▸ **What this task involves**: Would you repeat word for word the lines of the listing that follows, from the one with "Ocean Weather Station." up to and including the one with "اليوم به أمام", and leave out the images?

▸ **Records for this exercise**:
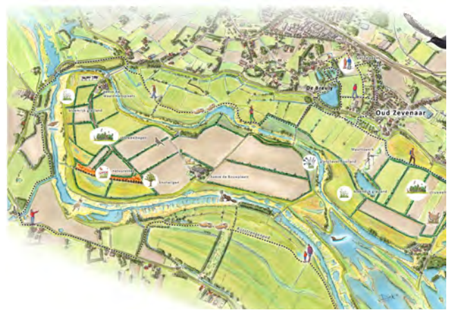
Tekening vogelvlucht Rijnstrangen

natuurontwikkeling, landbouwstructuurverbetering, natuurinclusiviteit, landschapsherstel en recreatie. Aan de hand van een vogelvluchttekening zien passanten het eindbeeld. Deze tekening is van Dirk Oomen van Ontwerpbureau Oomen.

---

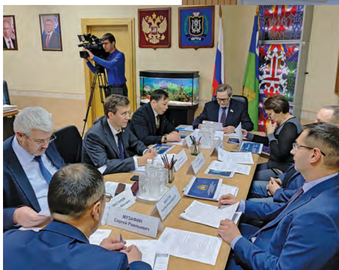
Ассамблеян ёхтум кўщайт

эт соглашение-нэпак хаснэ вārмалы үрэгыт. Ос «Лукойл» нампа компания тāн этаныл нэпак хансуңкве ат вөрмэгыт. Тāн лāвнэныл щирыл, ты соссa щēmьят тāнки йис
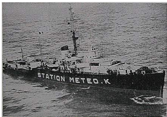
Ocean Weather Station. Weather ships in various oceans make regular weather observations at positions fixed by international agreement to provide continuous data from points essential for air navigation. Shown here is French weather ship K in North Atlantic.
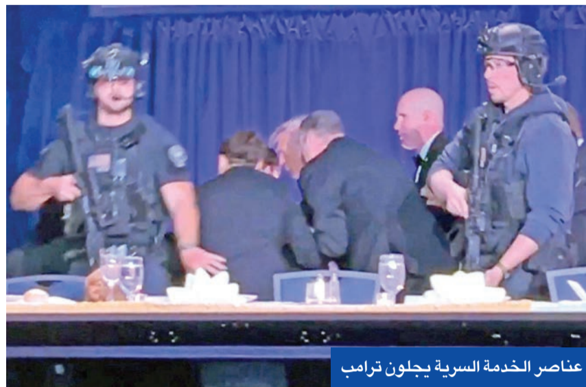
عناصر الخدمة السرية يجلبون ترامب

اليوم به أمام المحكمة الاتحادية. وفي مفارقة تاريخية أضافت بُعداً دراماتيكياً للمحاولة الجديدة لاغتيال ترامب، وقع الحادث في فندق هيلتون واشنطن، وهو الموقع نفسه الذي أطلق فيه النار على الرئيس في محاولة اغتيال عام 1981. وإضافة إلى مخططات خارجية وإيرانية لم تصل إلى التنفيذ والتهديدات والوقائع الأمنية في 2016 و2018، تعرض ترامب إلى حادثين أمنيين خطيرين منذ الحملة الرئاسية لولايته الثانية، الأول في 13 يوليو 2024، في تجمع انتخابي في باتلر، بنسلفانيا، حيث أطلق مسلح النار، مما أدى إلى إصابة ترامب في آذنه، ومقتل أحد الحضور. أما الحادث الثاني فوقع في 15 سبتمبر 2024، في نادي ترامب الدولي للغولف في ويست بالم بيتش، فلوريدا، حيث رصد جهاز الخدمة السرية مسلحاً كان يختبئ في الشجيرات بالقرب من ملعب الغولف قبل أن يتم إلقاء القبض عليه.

...

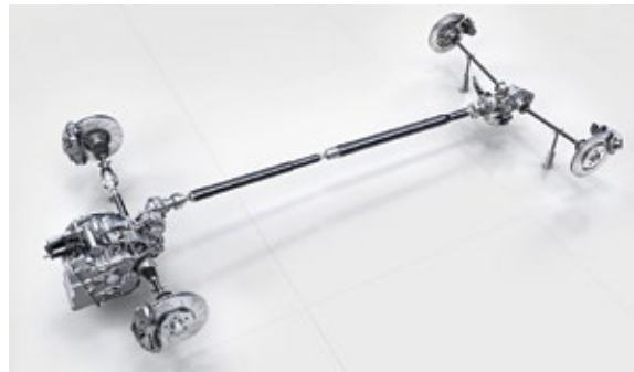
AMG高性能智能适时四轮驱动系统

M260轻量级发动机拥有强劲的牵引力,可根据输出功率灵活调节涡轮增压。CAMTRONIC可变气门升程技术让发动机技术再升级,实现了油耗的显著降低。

▸ **Solution**:
Ocean Weather Station. Weather ships in various oceans make regular weather observations at positions fixed by international agreement to provide continuous data from points essential for air navigation. Shown here is French weather ship K in North Atlantic.
عناصر الخدمة السرية يجلبون ترامب

اليوم به أمام المحكمة الاتحادية. وفي مفارقة تاريخية أضافت بُعداً دراماتيكياً للمحاولة الجديدة لاغتيال ترامب، وقع الحادث في فندق هيلتون واشنطن، وهو الموقع نفسه الذي أطلق فيه النار على الرئيس في محاولة اغتيال عام 1981. وإضافة إلى مخططات خارجية وإيرانية لم تصل إلى التنفيذ والتهديدات والوقائع الأمنية في 2016 و2018، تعرض ترامب إلى حادثين أمنيين خطيرين منذ الحملة الرئاسية لولايته الثانية، الأول في 13 يوليو 2024، في تجمع انتخابي في باتلر، بنسلفانيا، حيث أطلق مسلح النار، مما أدى إلى إصابة ترامب في آذنه، ومقتل أحد الحضور. أما الحادث الثاني فوقع في 15 سبتمبر 2024، في نادي ترامب الدولي للغولف في ويست بالم بيتش، فلوريدا، حيث رصد جهاز الخدمة السرية مسلحاً كان يختبئ في الشجيرات بالقرب من ملعب الغولف قبل أن يتم إلقاء القبض عليه.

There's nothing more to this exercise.